If the application will continue to be actively developed, then there are other considerations to take into account. When containerizing an application it might be tempting to refactor, re-architect, or upgrade it at the same time. We recommend starting with a “lift and shift” approach where the application is first containerized with the minimal amount of changes possible. The application can be regression tested before further modifications are made. Some rules of thumb are:
- Keep the existing application architecture
- Keep the same versions of OS, components, and application
- Keep the deployment simple (static and not elastic)
Once the application is containerized, it will then be much easier and faster to implement and track changes such as:
- Upgrade to a newer version of application server
- Refactor to microservices
- Dynamically scale or elastic deployment
In a "lift and shift" scenario the choice of base libraries or components such as an application server or language version as well as the underlying OS are already determined by the legacy application. The next step is determining the best way to integrate this "stack" into a Docker image. There are several approaches to this depending on the commonality of the components, the customization of components in the application, and adherence to any enterprise support policies. There are different ways to obtain a stack of components in an image:
- Open source image — A community image from Docker Hub
- Certified image — A certified image from the Docker Store
- Enterprise image — An internal image built, maintained, and distributed by an enterprise-wide devops team
- Custom image — A custom image built for the application by the development team
While the open source and certified images can be pulled and used "as is" the enterprise and custom images must be built from Dockerfiles. One way of creating an initial Dockerfile is to use the Image2Docker tools mentioned before. Another option is to copy the referenced Dockerfile of an image found in Docker Hub or Store.
The following table summarizes the advantages and disadvantages of each choice:
A common enterprise scenario is to use a combination of private and custom images. Typically, an enterprise will develop a hierarchy of base images depending on how diverse their technology stacks are. The next section describes this concept.

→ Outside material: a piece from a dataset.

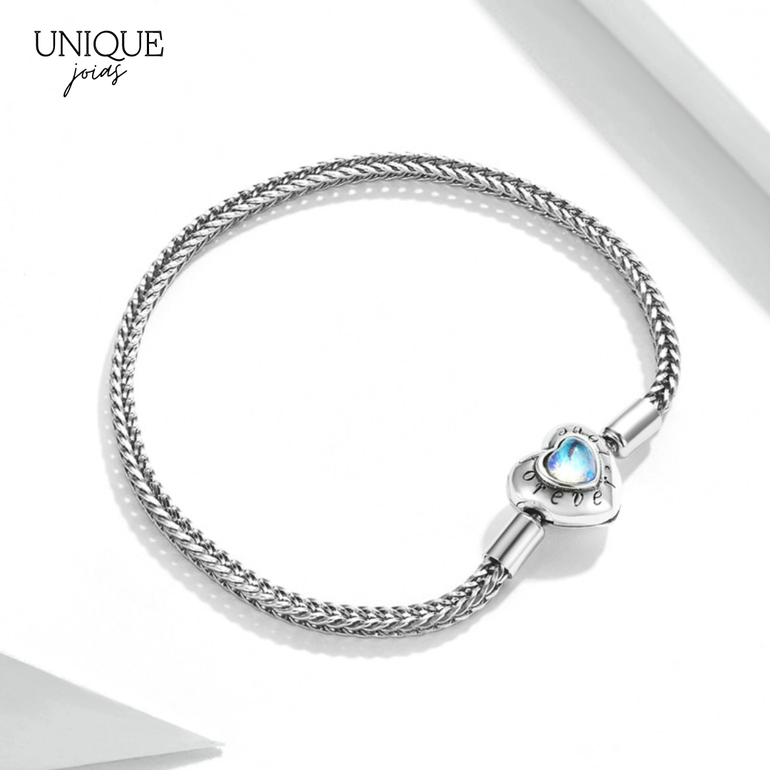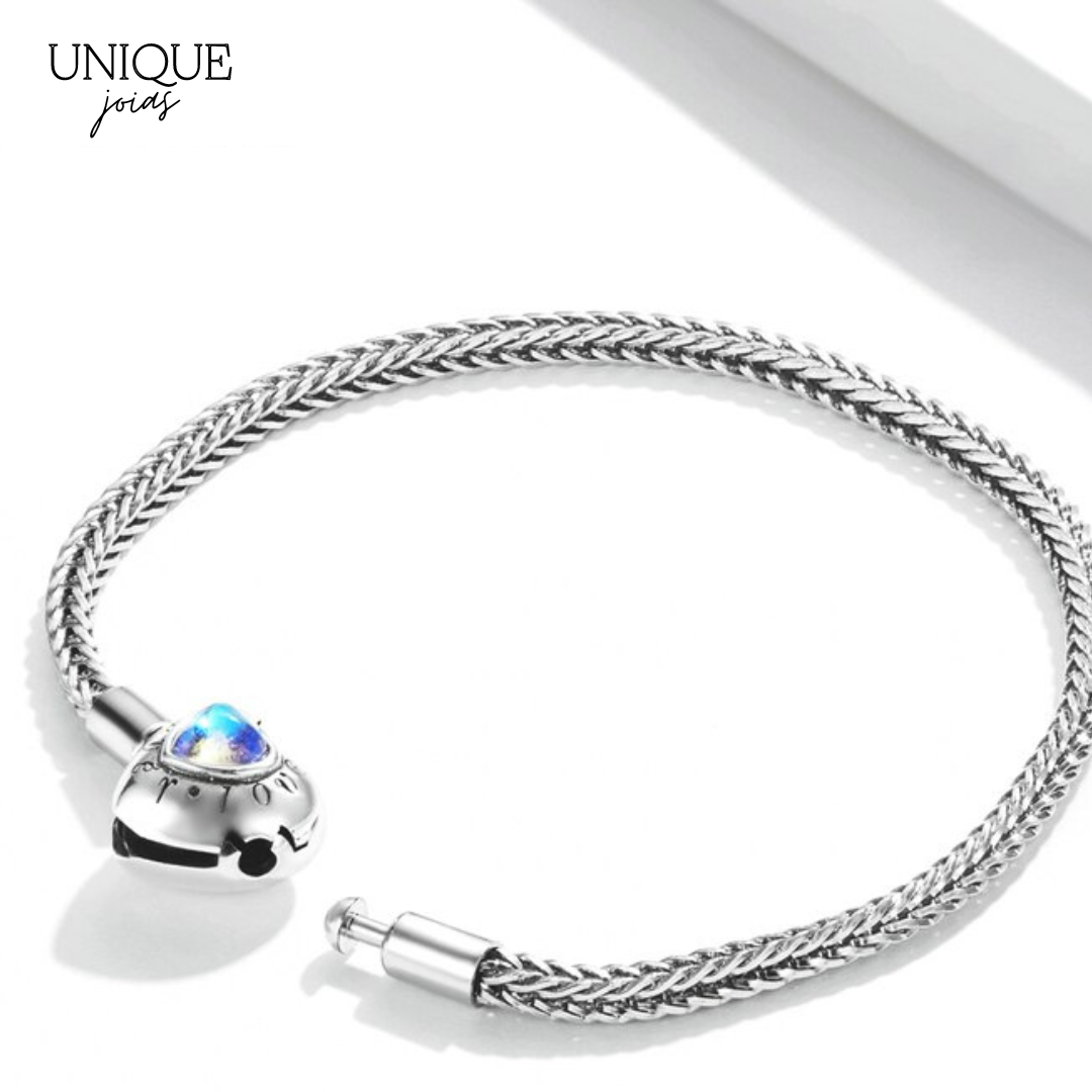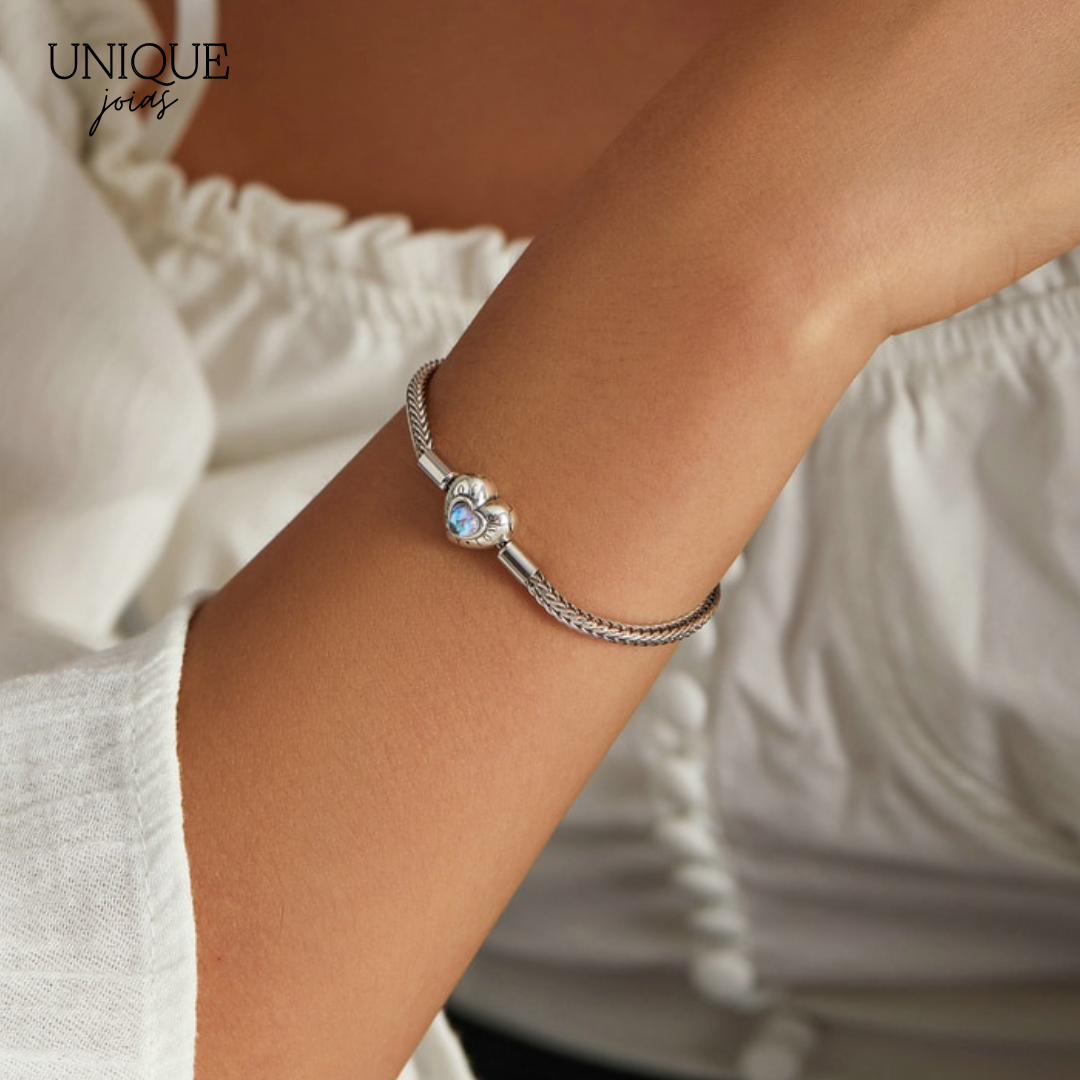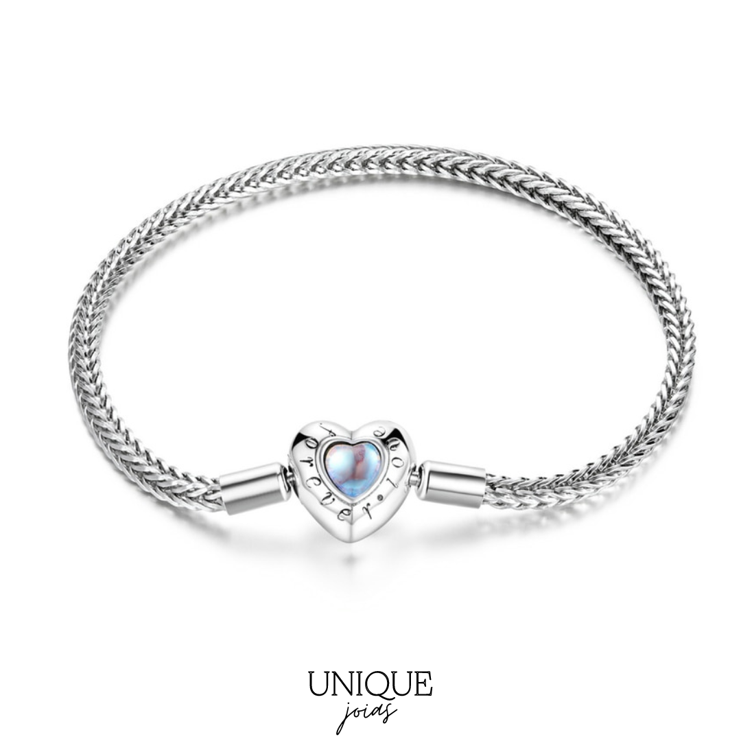 Pulseira de Berloque Trançada com Fecho Coração Fantasy - Prata 925

Docker images natively provide inheritance. One of the benefits of deriving from base images is that any changes to a base or upstream image are inherited by the child image simply by rebuilding that image without any change to the child Dockerfile. By using inheritance, an enterprise can very simply enforce policies with no changes to the Dockerfiles for their many applications. Typically, an enterprise will develop a hierarchy of base images depending on how diverse their technology stacks are. The following is an example of an image hierarchy.
On the left are the enterprise-wide base images typically provided by the global operations team, and on the right are the application images. Even on the application side, depending on how large an application or program is, there can be a hierarchy as well.
Tip: Create a project base image. In a project team with a complicated application stack there are often common libraries, tools, configurations, or credentials that are specific to the project but not useful to the entire enterprise. Put these items in a "project base image" from which all project images derive.
What to Include in an Image
Another question that arises when modernizing is what components of an application stack to put in an image. You can include an entire application stack such as the the official GitLab image, or you can do the opposite, which would be to break up an existing monolithic application into microservices each residing in its own image.
In general, it is best to have one component per image. For example, a reverse proxy, an application server, or a database engine would each have its own image. What about an example where several web applications (e.g. war) are deployed on the same application server? Should they be separated and each have its own image or should they be in the same image? The criteria for this decision are similar to non-containerized architectural decisions:
- Release Lifecycle — Are the application release schedules tightly coupled or are they independent?
- Runtime Lifecycle — If one application stops functioning should all application be stopped?
- Scalability — Do the applications need to be scaled separately or can they be scaled together?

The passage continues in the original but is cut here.